Perform a modified dplyr::full_join() on x and y, returning all columns from x, non-matching rows from x, and all rows from y. Essentially replace_join() replaces matching rows in x with corresponding rows from y and adds all unmatched rows from y.

Usage

replace_join(
  x,
  y,
  replace_col,
  by = dplyr::intersect(names(x), names(y)) %>% dplyr::setdiff(replace_col),
  copy = FALSE,
  suffix = c(".x", ".y"),
  ...
)

Arguments

x

object on which replace_join will be performed. x is the data frame in which rows will be replaced by matching rows from y.

y

object on which replace_join will be performed. y is the data frame from which replacement rows are obtained when matching rows are found and from which unmatching rows are added to the outgoing data frame.

replace_col

the string name of the column (common to both x and y) whose values in y will be inserted into x where row matches are found for the by columns. replace_col should not be in by.
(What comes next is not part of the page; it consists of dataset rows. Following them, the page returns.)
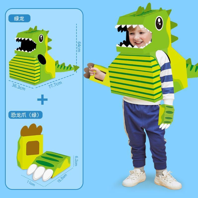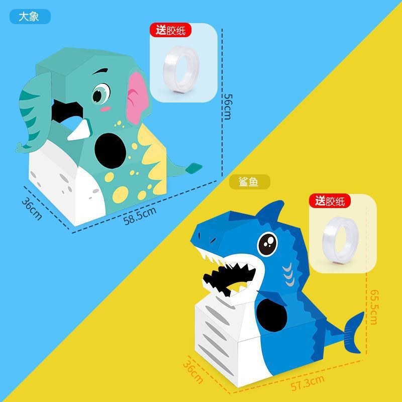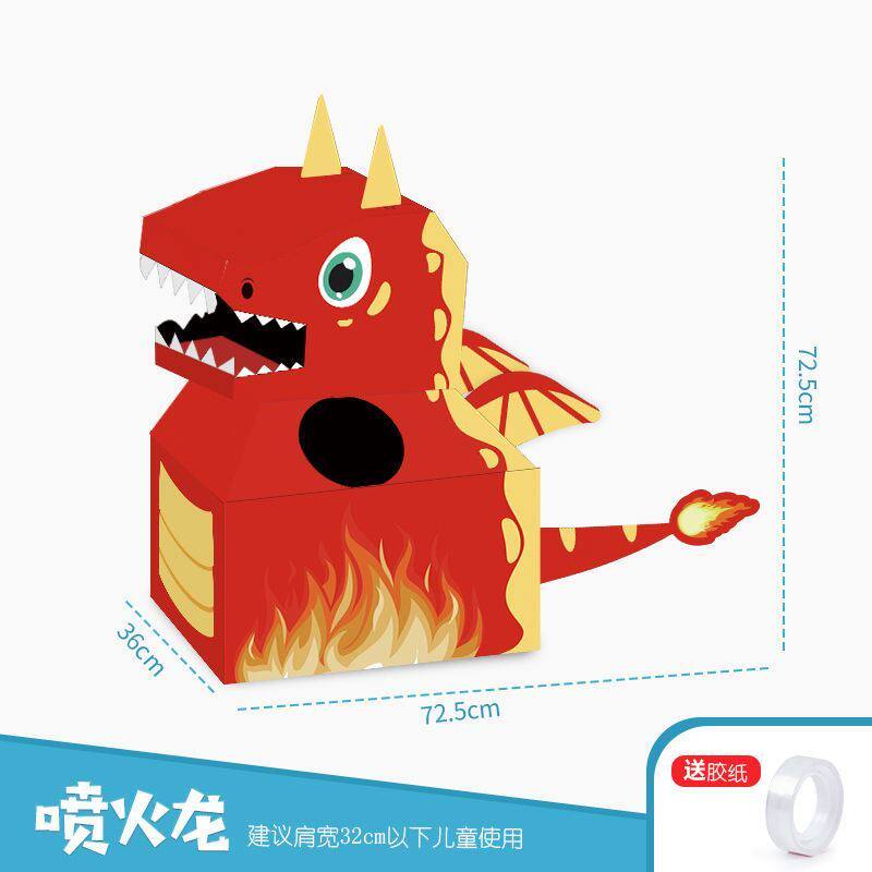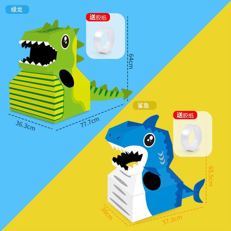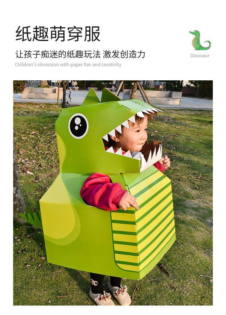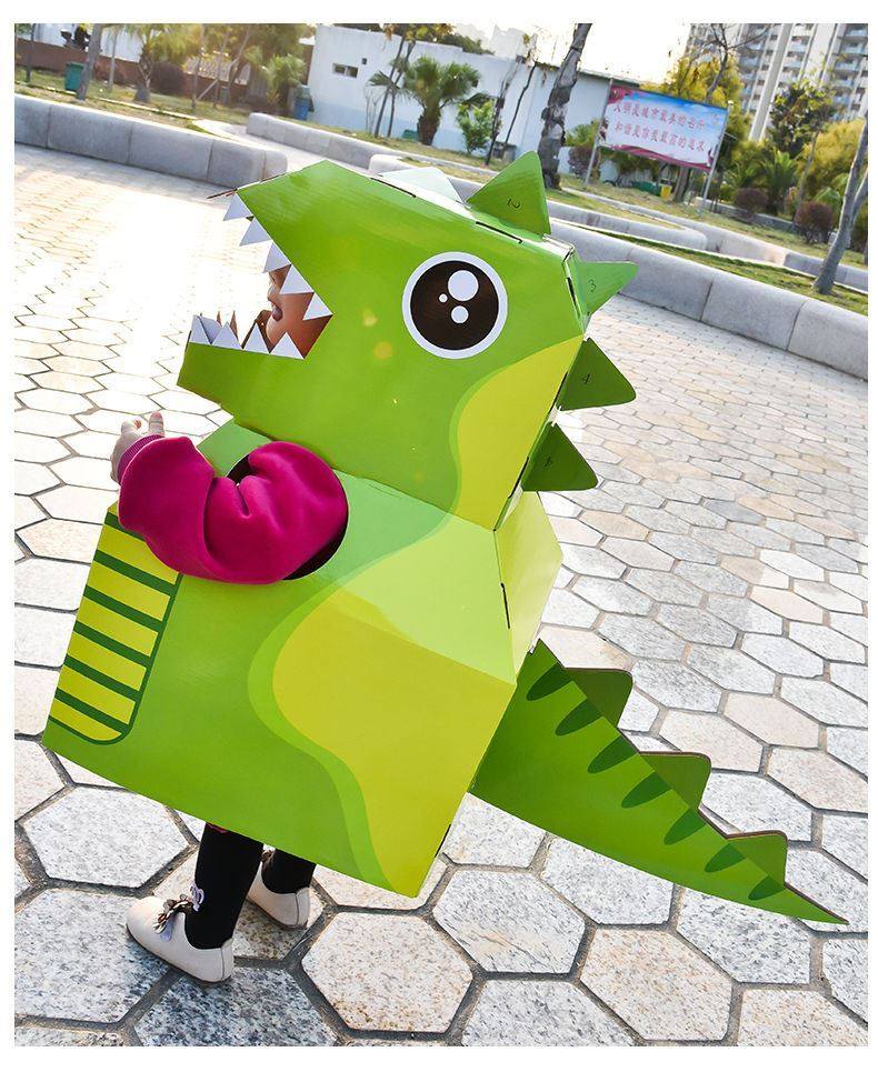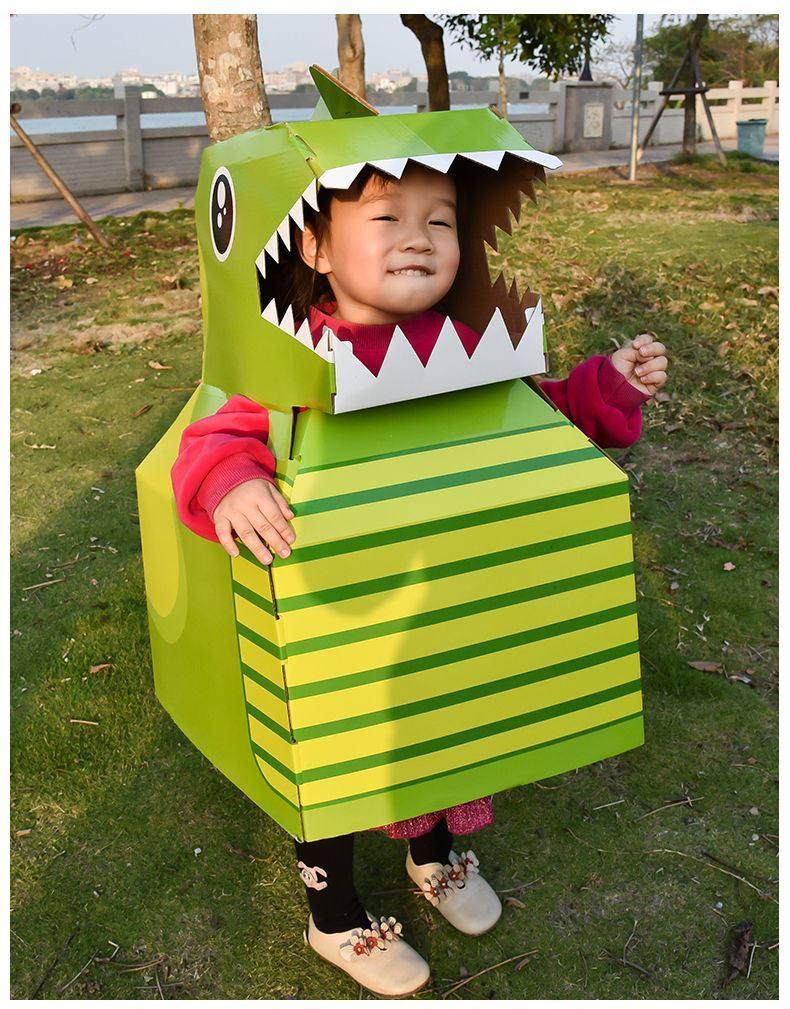 DIY可穿戴纸箱恐龙鲨鱼头套男孩3-6岁幼儿园扮演游戏小孩玩具
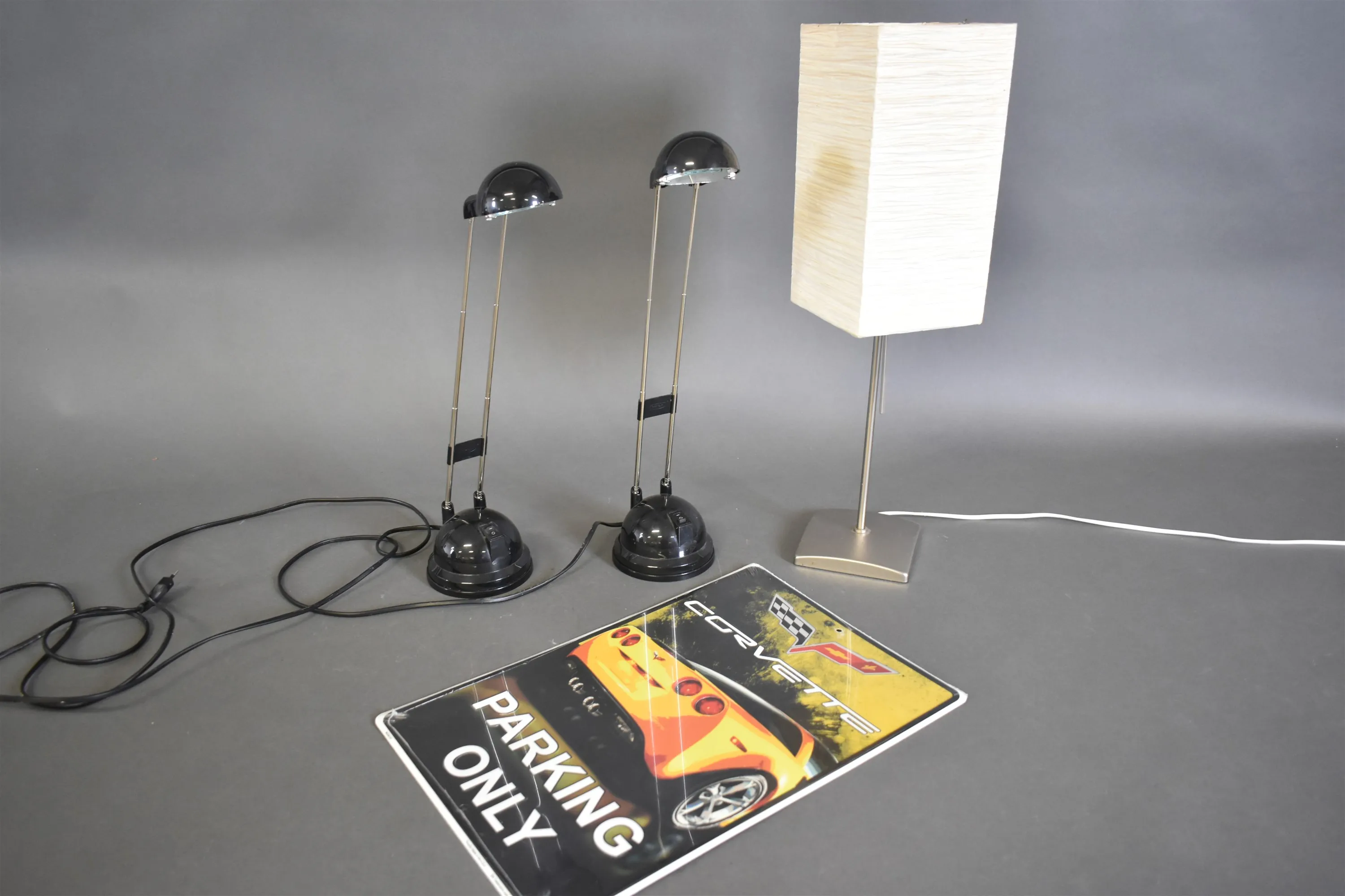 15226. Bordslampor 3 st och plåtskylt "Corvette parking only", inplastad, högsta höjd 58 cm
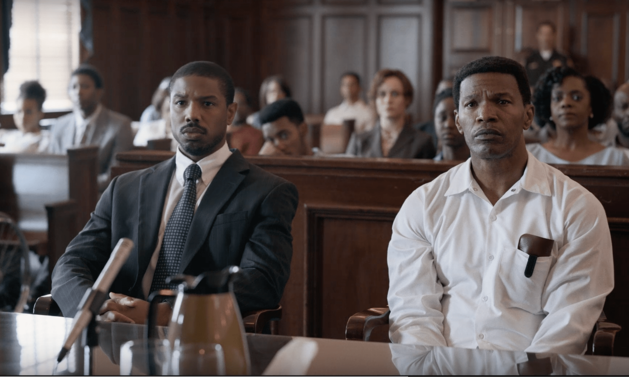 We see, first, the timid intern some 800-miles south of Harvard to meet a man his own age on death row. We see, then, the execution of Herb Richardson, a veteran who developed PTSD during Vietnam and proceeded to detonate a bomb on a lover’s porch. Finally, we see Walter McMillan (Jamie Foxx) run the gauntlet of police and legal implements to win freedom for a crime he did not commit, that canonic Southern Sin of murdering a white woman whilst Black. This story dominates Just Mercy, and exposes features of the legal system in Monroeville, AL (the literary and extra-literary site of To Kill a Mockingbird) that the average viewer would not believe existed in the 1980s.
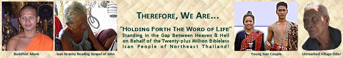 Countless generations of Isan people have been born into this world, totally ignorant of their Creator-God and His Love for them, shown through the Lord Jesus Christ. They love their children, yet rear them in a realm of spiritual darkness—the only way they know—passed down from their forebearers. They exist in a sphere of superstition and fear, placating and sacrificing to evil spirits. How do I know this? Because I have lived among them, and have witnessed it first hand, over and over again! They vainly trust in an idolatrous, works-oriented religious system (Buddhism) ... and in the end, they succumb and pass into a Christless eternity, forever lost and without hope. The tragedy is that this is still happening today, even as you read... An even greater tragedy is, there is a solution: God's Word can instantly illuminate their hearts and dispel the darkness, but they don't have it in their own language... yet! Thus, they are without the knowledge of the love and gracious saving power of their Creator God, Jesus Christ, who came in human form, sacrificially shed His Blood and victoriously rose again, conquering death and purchasing forgiveness and Salvation for one and all. That is what this is all about. It is for this purpose that the Mekong (Isan) Bible Translation Project exists, to translate and expedite the Isan scriptures into the hands (and hearts) of the Isan people, where "Christ is not yet named." The scriptures are always foundational in planting strong indigenous churches. JUST THINK FOR A MOMENT, without the Isan translation, Isan pastors cannot say, "Please open your Isan Bibles to. . . " <silence> Why silence? Because presently, there is no such thing as an Isan Bible, only portions and individual New Testament books in print as we translate, check, and distribute them. The good news is that a new era is dawning for the Isan people. We are working diligently to provide God's Word in their own heart language. The Isan New Testament is now over 90% done, with completed books printed and in use. However, more are needed ... and simply put, we could use your help. First of all, you can answer the call of God for laborers by praying, "Here am I Lord, send me." God uses all kinds of people, with all kinds of skills, gifts and abilities to reach those yet remaining without the Gospel. If after yielded and careful consideration you don't feel you are personally "called to go", you can be very effective by getting behind this project with believing prayer and support, if God so leads. Pray and ask the Lord and consider how He would have you make a difference. The ongoing Isan Bible translation project is certainly worthy of your prayerful consideration and partnership. It is being painstakingly done in crystal-clear spoken Isan and the response has been great. The final goal is that God's Word be accurately "reborn" into the Isan language—following the Byzantine/TR/KJ text form—so that the Isan people might be saved and reborn into God's household of faith. As one missionary so aptly stated, "The Isan Language is in their blood." Accordingly, we seek to see the power of Christ's Redeeming Blood released over their hearts and lives through the medium of their own spoken heart language (their chief means of communication), so that they too can correctly understand who Jesus Christ truly is, i.e., their Creator, Redeemer, The Living Eternal Word, The Great I AM — not merely the "foreigner's religion" as they always incorrectly assume. I am absolutely convinced that God is at the center of this Isan Bible translation endeavor! After all, it's only God's Word that is truly all-powerful, especially when accurately reproduced (translated) into the heart language of any people. Bottom line, the Isan people desperately need to have the Scriptures in their own language, so that they may truly understand and draw upon its life-giving power! Therefore, I am totally committed to this task and do not give up, no matter how rough the going gets or how hard the Enemy fights to prevent it from happening — this is front-line spiritual warfare with over twenty-million souls hanging in the balance. If you are interested in learning more about reaching this vast people group, I am available to present the various aspects of this exciting and urgent ministry to your church group or mission conference. Please don't hesitate to E-mail me (click here) for scheduling and a full-color "Spotlight on Isan" brochure containing further information about the Isan people and their needs(cover flap shown on brochure page).
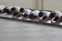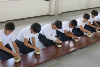 2017年7月5日 14時04分 5日(水)、6年社会科の室町文化学習で「茶道」を学習しました。お茶が日本に伝えられた昔からどのように広まったいったかの歴史を学習しながら、立礼座礼などの礼儀作法を学び、お茶を実際に立て味わいました。しばしの正座に足がしびれてしまった人も・・・。

The default value of by ensures that replace_col is not in by.

by

the string names of columns (common to x and y) on which matching rows will be determined. Default is dplyr::intersect(names(x), names(y)) %>% dplyr::setdiff(replace_col). This default ensures that replace_col is not in by, as required.

copy

passed to dplyr::left_join(). Default value is FALSE.

suffix

appended to replace_col to form the names of columns created in x during the internal dplyr::left_join() operation. Default is c(".x", ".y"), same as the default for dplyr::full_join().

...

passed to dplyr::full_join()

Value

a copy of x in which matching by rows are replaced by matched rows from y and unmatched rows from y are added to x.

Details

If x contains multiple matching rows, matching rows in y are inserted into x at each matching location. If y contains multiple matching rows, all are inserted into x at each matching location. See examples.

Columns of x and y named in by and replace_col should not be factors.

If replace_col is not in both x and y, x is returned, unmodified.

Examples

DFA <- data.frame(x = c(1, 2), y = c("A", "B"), stringsAsFactors = FALSE)
DFB <- data.frame(x = c(2, 3), y = c("C", "D"), stringsAsFactors = FALSE)
replace_join(DFA, DFB, replace_col = "y")
#>   x y
#> 1 1 A
#> 2 2 C
#> 3 3 D
replace_join(DFB, DFA, replace_col = "y")
#>   x y
#> 1 2 B
#> 2 3 D
#> 3 1 A
DFC <- data.frame(x = c(2, 2), y = c("M", "N"), stringsAsFactors = FALSE)
replace_join(DFA, DFC, replace_col = "y")
#>   x y
#> 1 1 A
#> 2 2 M
#> 3 2 N
replace_join(DFC, DFA, replace_col = "y")
#>   x y
#> 1 2 B
#> 2 2 B
#> 3 1 A
DFD <- data.frame(x = c(2, 2), y = c("A", "B"), stringsAsFactors = FALSE)
replace_join(DFC, DFD, replace_col = "y")
#>   x y
#> 1 2 A
#> 2 2 B
#> 3 2 A
#> 4 2 B